Рождественским утром коридоры Уолкот-хауса наполнились изумленным смехом. «Он приходил? Вы его видели?» Я вывалил содержимое наполненного ботинка на кровать, и оно поразило своей роскошью. Блокнот с серебряным корешком. Перьевая ручка в коробке. Шоколад. Повсюду носились дети, которые не спали так долго, что к ним приставили вторую смену нянь; мальчики в бронзовых кирасах, девочки в серебряных тиарах. В Браунхите и Истерли редко рассказывали легенду про Владыку Бесчинства, который спускается с луны в канун Рождества, одетый в плащ из листвы, и приносит яблоки и орехи в подарок, а вот в Уолкот-хаусе этот мифический персонаж обрел плоть и кровь. Многие обнаружили на ковриках сухие листья, почувствовали запах древесного дыма или мельком увидели серый силуэт, сопровождаемый шелестом. Снаружи на нетронутом снегу самых высоких крыш виднелись следы в форме полумесяцев. Я посмотрел на них из своего окна и предположил, что какой-то слуга рискнул жизнью ради этих отпечатков – впрочем, в Уолкот-хаусе было трудно судить о том, что случилось на самом деле. Гости улыбались при виде озадаченной физиономии чужака, который бродил тут и там, сонный, но чисто выбритый и в накрахмаленном новом костюме. Да, к ним тоже ночью приходил Повелитель Минувших времен года, о котором знают дети, а взрослые-то понимают, что это сам вельграндмастер явился дарить мечты, пусть у него множество других забот. Орехи были золотыми. В роли яблок выступали серебряные футлярчики для ароматических шариков. Женщины получили духи и браслеты с инициалами, выложенными из крошечных драгоценных камней. Мужчины – сигары. Также изысканно украшенные щетки для волос, если адресат не щеголял заметной лысиной. Я вспомнил, как блестели глаза в прорезях маски из коры старого дерева. Аккуратный и вдумчивый выбор подарков подтверждали ручка и блокнот, которые получил я сам; это одновременно приятно удивляло и вызывало дрожь.
– Могла бы предупредить, – сказала я Анне, когда она, наконец, вышла из своей комнаты в накрахмаленном синем платье, таком же новом, как и мой собственный наряд. Она вымыла волосы и уложила с помощью заколок из черного дерева, усыпанных блестящими камешками. Я догадался, что это подарки из ее собственного чулка.
– Предполагается, что Уолкот – обитель сюрпризов. Кроме того… – она огляделась по сторонам. – Не сомневаюсь, ты же не такой дурак, чтобы оставить кое-что без присмотра – верно, Робби?
Гости со всего дома поспешили на запахи бекона и изысканных специй – туда, где что-то тихонько шкворчало, – и нам пришлось идти против течения.

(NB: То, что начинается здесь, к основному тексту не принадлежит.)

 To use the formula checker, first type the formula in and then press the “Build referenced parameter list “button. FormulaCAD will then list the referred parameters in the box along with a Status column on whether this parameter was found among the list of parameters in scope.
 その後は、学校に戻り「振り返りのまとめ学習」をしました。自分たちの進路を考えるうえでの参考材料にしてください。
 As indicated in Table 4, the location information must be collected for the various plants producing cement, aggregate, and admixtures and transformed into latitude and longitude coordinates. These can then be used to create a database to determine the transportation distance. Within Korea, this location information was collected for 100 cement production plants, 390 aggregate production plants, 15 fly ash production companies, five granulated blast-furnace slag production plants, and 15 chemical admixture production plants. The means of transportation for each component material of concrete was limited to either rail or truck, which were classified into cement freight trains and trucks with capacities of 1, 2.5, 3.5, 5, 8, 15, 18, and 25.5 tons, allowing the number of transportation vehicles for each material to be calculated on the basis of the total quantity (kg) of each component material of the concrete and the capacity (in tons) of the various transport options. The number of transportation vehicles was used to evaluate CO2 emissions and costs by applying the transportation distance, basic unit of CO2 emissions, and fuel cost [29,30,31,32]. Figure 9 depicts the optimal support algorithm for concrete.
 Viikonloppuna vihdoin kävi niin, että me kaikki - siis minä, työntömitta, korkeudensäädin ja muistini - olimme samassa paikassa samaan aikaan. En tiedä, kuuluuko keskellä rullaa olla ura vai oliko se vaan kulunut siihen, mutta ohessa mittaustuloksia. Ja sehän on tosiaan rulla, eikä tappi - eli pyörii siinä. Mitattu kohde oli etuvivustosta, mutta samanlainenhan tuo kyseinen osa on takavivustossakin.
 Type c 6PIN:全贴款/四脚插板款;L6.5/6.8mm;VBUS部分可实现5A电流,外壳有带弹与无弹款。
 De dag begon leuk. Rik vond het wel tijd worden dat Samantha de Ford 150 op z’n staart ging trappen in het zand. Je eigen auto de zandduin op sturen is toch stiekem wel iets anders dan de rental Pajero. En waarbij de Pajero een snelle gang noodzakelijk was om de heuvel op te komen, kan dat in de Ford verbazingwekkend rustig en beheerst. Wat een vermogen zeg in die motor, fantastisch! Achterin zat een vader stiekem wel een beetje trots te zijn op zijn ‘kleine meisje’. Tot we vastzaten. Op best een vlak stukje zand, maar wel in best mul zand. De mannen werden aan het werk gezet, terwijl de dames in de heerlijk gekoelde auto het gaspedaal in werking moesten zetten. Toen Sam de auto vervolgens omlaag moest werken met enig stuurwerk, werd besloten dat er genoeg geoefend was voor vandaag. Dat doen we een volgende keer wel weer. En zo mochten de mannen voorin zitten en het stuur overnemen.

– Сэди и тебя сюда водила?
Мы стояли вдвоем в конце верхнего коридора центрального крыла, уставившись на пустую желтовато-зеленую стену.
Анна кивнула.
– Она взяла меня с собой, когда я впервые приехала сюда из Сент-Джудса. Думаю, она поступает так с большинством людей, на которых хочет произвести впечатление.
Я погладил гладкую поверхность.
– Я был уверен, что это то самое место…
– О, ты не ошибся.
Она присела на корточки, чтобы осмотреть цельную деревянную обшивку. Когда ее волосы были вот так подняты наверх, на шее над белым воротничком платья виднелся серебристый пушок. От нее пахло по-другому – чрезмерной чистотой, – и я, наклонившись и ощутив этот запах, изумился собственной былой и глупой уверенности в том, что в Истерли она осталась прежней. Затем Анна что-то пробормотала. То ли перезвон часов, то ли песенка колокольчика – и на стене, как будто сквозь метель, проступили очертания двери. Я потянулся к ней, но все тут же исчезло. Анна повторила мелодичную фразу, что-то к ней добавив. На этот раз дверь возникла отчетливее, однако вновь пропала. Мне показалось – я будто услышал, – как что-то захлопнулось со скрежетом.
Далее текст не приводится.